START Data for review

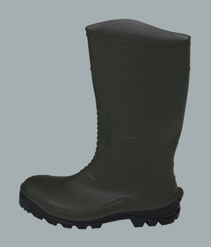 Aus PVC-Stoff hergestellt. Das Polyesternetz drinnen. Die geschnitzte, hohe Sohle.
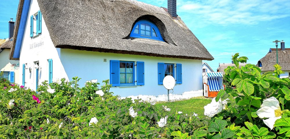 Herzlich willkommen in unserem Reethaus am Meer Kliff Königshörn mit Sauna Kamin Waschmaschine zwei Schlafzimmer zwei Bäder Wohn Essz Küche Terrasse mit Strandkorb Terrassenmöbel Sonnenliegen Sonnenschirm
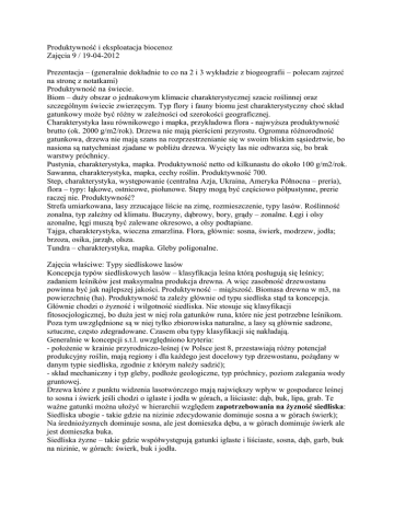 Produktywność i eksploatacja biocenoz Zajęcia 9 / 19-04-2012 Prezentacja – (generalnie dokładnie to co na 2 i 3 wykładzie z biogeografii – polecam zajrzeć na stronę z notatkami) Produktywność na świecie. Biom – duży obszar o jednakowym klimacie charakterystycznej szacie roślinnej oraz szczególnym świecie zwierzęcym. Typ flory i fauny biomu jest charakterystyczny choć skład gatunkowy może być różny w zależności od szerokości geograficznej. Charakterystyka lasu równikowego i mapka, przykładowa flora - najwyższa produktywność brutto (ok. 2000 g/m2/rok). Drzewa nie mają pierścieni przyrostu. Ogromna różnorodność gatunkowa, drzewa nie mają szans na rozprzestrzenianie się w swoim bliskim sąsiedztwie, bo nasiona są natychmiast zjadane w pobliżu drzewa. Wycięty las nie odtwarza się, bo brak warstwy próchnicy. Pustynia, charakterystyka, mapka. Produktywność netto od kilkunastu do około 100 g/m2/rok. Sawanna, charakterystyka, mapka, cechy roślin. Produktywność 700. Step, charakterystyka, występowanie (centralna Azja, Ukraina, Ameryka Północna – preria), flora – typy: łąkowe, ostnicowe, piołunowe. Stepy mogą być częściowo półpustynne, prerie raczej nie. Produktywność? Strefa umiarkowana, lasy zrzucające liście na zimę, rozmieszczenie, typy lasów. Roślinność zonalna, typ zależny od klimatu. Buczyny, dąbrowy, bory, grądy – zonalne. Łęgi i olsy azonalne, łęgi muszą być zalewane okresowo, a olsy podtapiane. Tajga, charakterystyka, wieczna zmarzlina. Flora, głównie: sosna, świerk, modrzew, jodła; brzoza, osika, jarząb, olsza. Tundra – charakterystyka, mapka. Gleby poligonalne. Zajęcia właściwe: Typy siedliskowe lasów Koncepcja typów siedliskowych lasów – klasyfikacja leśna którą posługują się leśnicy; zadaniem leśników jest maksymalna produkcja drewna. A więc zasobność drzewostanu powinna być jak najlepszej jakości. Produktywność – miąższość. Biomasa drewna w m3, na powierzchnię (ha). Produktywność ta zależy głównie od typu siedliska stąd ta koncepcja. Głównie chodzi o żyzność i wilgotność siedliska. Nie stosuje się klasyfikacji fitosocjologicznej, bo duża jest w niej rola gatunków runa, które nie jest potrzebne leśnikom. Poza tym uwzględnione są w niej tylko zbiorowiska naturalne, a lasy są głównie sadzone, sztuczne, często zdegradowane. Czasem oba typy klasyfikacji się nakładają. Generalnie w koncepcji s.t.l. uwzględniono kryteria: - położenie w krainie przyrodniczo-leśnej (w Polsce jest 8, przestawiają różny potencjał produkcyjny roślin, mają regiony i dla każdego jest docelowy typ drzewostanu, pożądany w danym typie siedliska, zgodnie z którym należy sadzić); - skład mechaniczny i typ gleby, podłoże geologiczne, typ próchnicy, poziom zalegania wody gruntowej. Drzewa które z punktu widzenia lasotwórczego mają największy wpływ w gospodarce leśnej to sosna i świerk jeśli chodzi o iglaste i jodła w górach, a liściaste: dąb, buk, lipa, grab. Te ważne gatunki można ułożyć w hierarchii względem zapotrzebowania na żyzność siedliska: Siedliska ubogie - takie gdzie na nizinie zdecydowanie dominuje sosna a w górach świerk); Na średniożyznych dominuje sosna, ale jest domieszka dębu, a w górach dominuje świerk ale jest domieszka buka. Siedliska żyzne – takie gdzie współwystępują gatunki iglaste i liściaste, sosna, dąb, garb, buk na nizinie, w górach: świerk, buk i jodła. Na bardzo żyznych – dominują las liściaste, na nizinie dąb, grab, buk, lipa i inne. Sosna jest wyeliminowana konkurencyjnie. W górach podobnie: dominuje buk, świerk eliminowany. Klasyfikacja pod względem wilgotności: Siedliska suche (poziom wody poniżej 2m, ciągły niedostatek wody) Siedliska świeże (drzewa rosną pod wpływem okresowego dostępu do wód gruntowych) Siedliska wilgotne (wody pod dostatkiem, lasy kształtują się pod stałym wpływem wody gruntowej) Siedliska mokre, bagienne (nadmiar wody, niekorzystny, czynnik ograniczający produktywność i występowanie wielu drzew. Olsza czarna jest w stanie tu występować.) Grądy przykładowo rozwijają się w średnio żyznych i żyznych, świeżych i wilgotnych. Łęgi – wilgotne i bardzo żyzne (najwięcej pomników przyrody). Kotlina warszawska – bez świerka, buka i jodły. Regionalizacja przyrodniczo-leśna Ważne dla opracowania tzw. operatów leśnych, dla określenia docelowego drzewostanu. Jest to przestrzenne zróżnicowanie potencjału produkcyjnego siedlisk. Geograficzne zróżnicowanie przyrodniczych warunków uprawy lasu. Krainy – podstawowe jednostki (podział najbardziej używany – Trampler’a, 1990): Bałtycka, Mazursko-Podlaska, Wielkopolsko-Pomorska, Mazowiecko-Podlaska, Śląska, Małopolska, Sudecka, Karpacka. Oparte na tym, że w podobnych warunkach klimatycznych i podłoża, rozwija się ten sam typ drzewostanu. Świerk jest w stanie wytrzymać bardzo krótki okres wegetacji. Może rosnąć w reglu górnym, ale mają tam bardzo kiepskie drewno (słaba gleba, liczne huragany, poza tym słaby do nich dostęp). Krainy różnią się lesistością, udziałem siedlisk borowych i produktywnością. Największa lesistość w krainach górskich (Karpaty – ponad 40% lasy). Na nizinach najwięcej lasów w krainie Mazursko-Podlaskiej. Dość dużo też w Bałtyckiej, a najmniej w MazowieckoPodlaskiej (dwukrotne zróżnicowanie między krainami). Najwięcej ubogich siedlisk jest w krainie wielkopolsko-pomorskiej. Najmniej w mazursko-podlaskiej. Produktywność ma związek z udziałem siedlisk borowych, ale w ogóle siedliska górskie znacznie większe produktywności niż nizinne, najwięcej kraina Karpacka. Sporo też Bałtycka. Najmniej – wielkopolsko-pomorska, bo ubogie siedliska. Krainy różnią się też udziałem poszczególnych gatunków drzew. Sosna w ogóle dominuje (69,3% w skali kraju), na wielu powierzchniach wprowadzona dla 
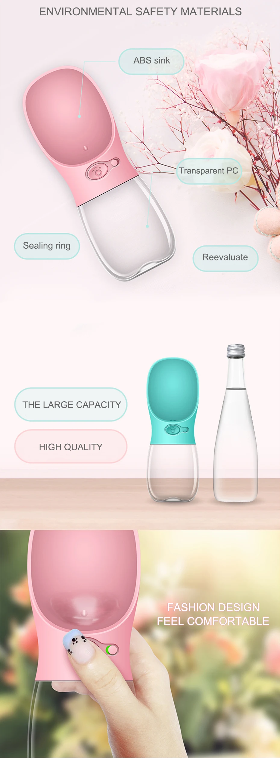Feature: made from high quality food grade material with the 350ml moderate capacity, the bottle is very convenient for you to carry out, provide fresh and clean water for your pets anytime and everywhere.
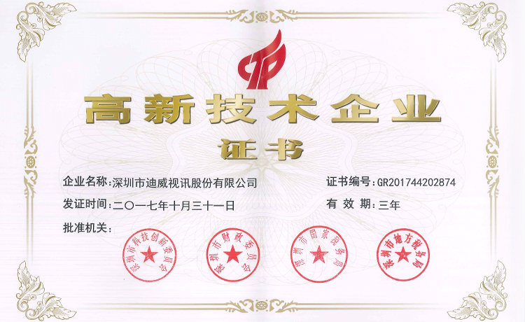 迪威迅再次通過(guò)國(guó)家高新技術(shù)企業(yè)認(rèn)定
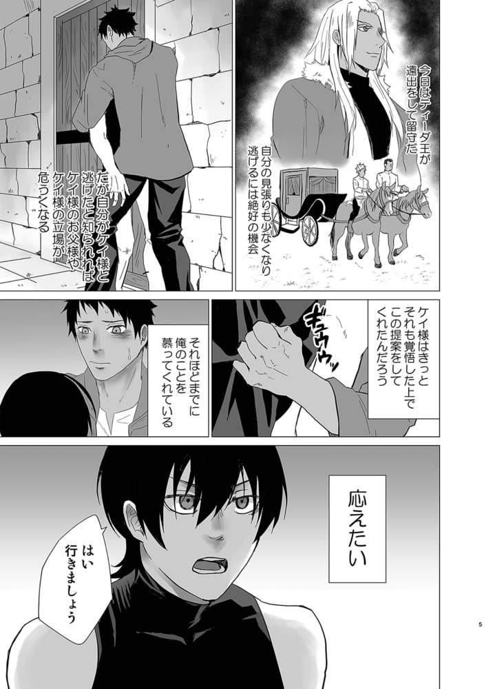 王が留守の隙に逃亡したイオリとケイ。穏やかな逃亡生活も束の間、
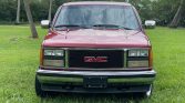 This 1990 GMC Sierra SLE K1500 is a regular cab Stepside pickup finished in red over grey cloth, and power is provided to the rear or all four wheels via a 5.7-liter V8 mated to a five-speed manual transmission and a dual-range transfer case. Additional equipment includes air conditioning, an aftermarket Pioneer CD stereo, a trailer hitch, and side window visors. The truck was registered in Ohio prior to the seller’s acquisition in July 2021.
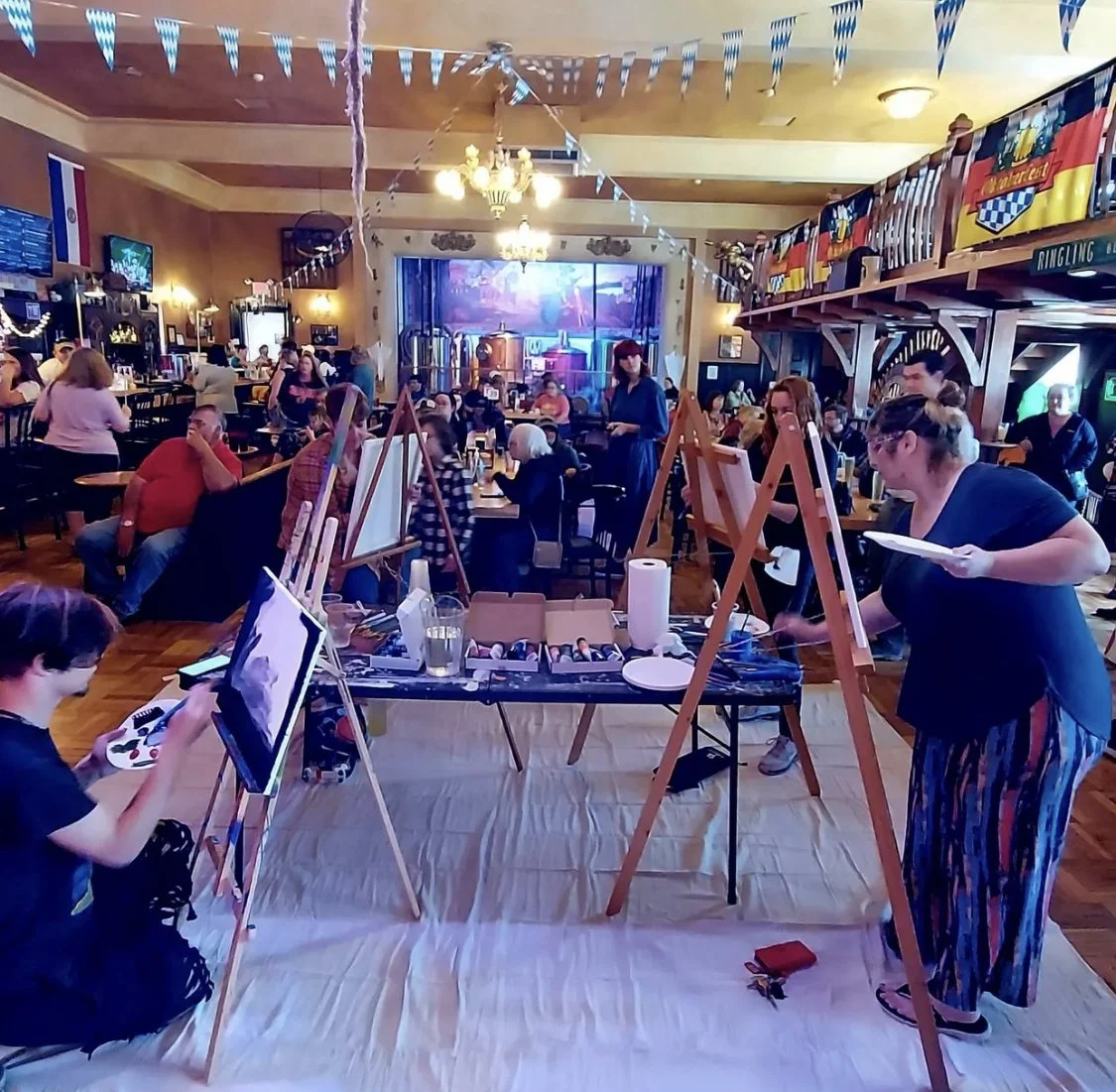 People painting on canvases set up on easels at an indoor art event in a decorated venue with wooden accents and flags.
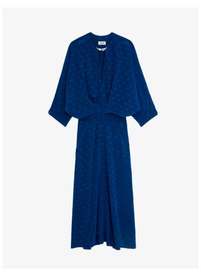 Robe mi-longue en soie bleu Oversease pour femme, jacquard ailes. Col rond à découpe en V avec fermoir métallique ailes à crochet. Fermeture zippée au dos. Manches 3/4 chauve-souris avec poignets boutonnés. Taille froncée et cintrée. Jupe asymétrique courte à l’avant. Composition : 100% soie. Marque : Zadig&Voltaire.
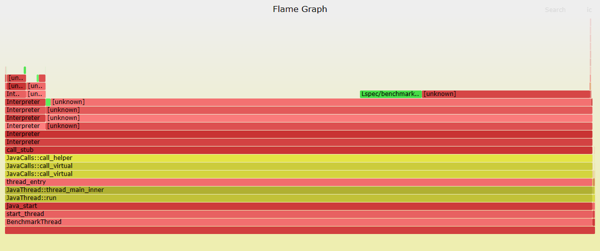 如果使用 Perf-map-agen 时不设置 XX:+PreserveFramePointer 保留帧指针的话,火焰图只会显示栈顶的函数,如图 5 所示,但开启后会额外带来性能损失,同时开启 Perf-map-agen&PreserveFramePointer 的得分下降了 9%。我这里缺失了单独开启 PreserveFramePointer 的性能实验,不过根据 Netflix 的报告(https://netflixtechblog.com/java-in-flames-e763b3d32166),性能损耗在 0 到 3% 左右。

END Data for review

**Requirement:**
With the pictures left out, write out exactly the lines from the line containing "Robe mi-longue en" through the last line of the entries above, both ends included, and no others.

**Exercise response:**
 Robe mi-longue en soie bleu Oversease pour femme, jacquard ailes. Col rond à découpe en V avec fermoir métallique ailes à crochet. Fermeture zippée au dos. Manches 3/4 chauve-souris avec poignets boutonnés. Taille froncée et cintrée. Jupe asymétrique courte à l’avant. Composition : 100% soie. Marque : Zadig&Voltaire.
 如果使用 Perf-map-agen 时不设置 XX:+PreserveFramePointer 保留帧指针的话,火焰图只会显示栈顶的函数,如图 5 所示,但开启后会额外带来性能损失,同时开启 Perf-map-agen&PreserveFramePointer 的得分下降了 9%。我这里缺失了单独开启 PreserveFramePointer 的性能实验,不过根据 Netflix 的报告(https://netflixtechblog.com/java-in-flames-e763b3d32166),性能损耗在 0 到 3% 左右。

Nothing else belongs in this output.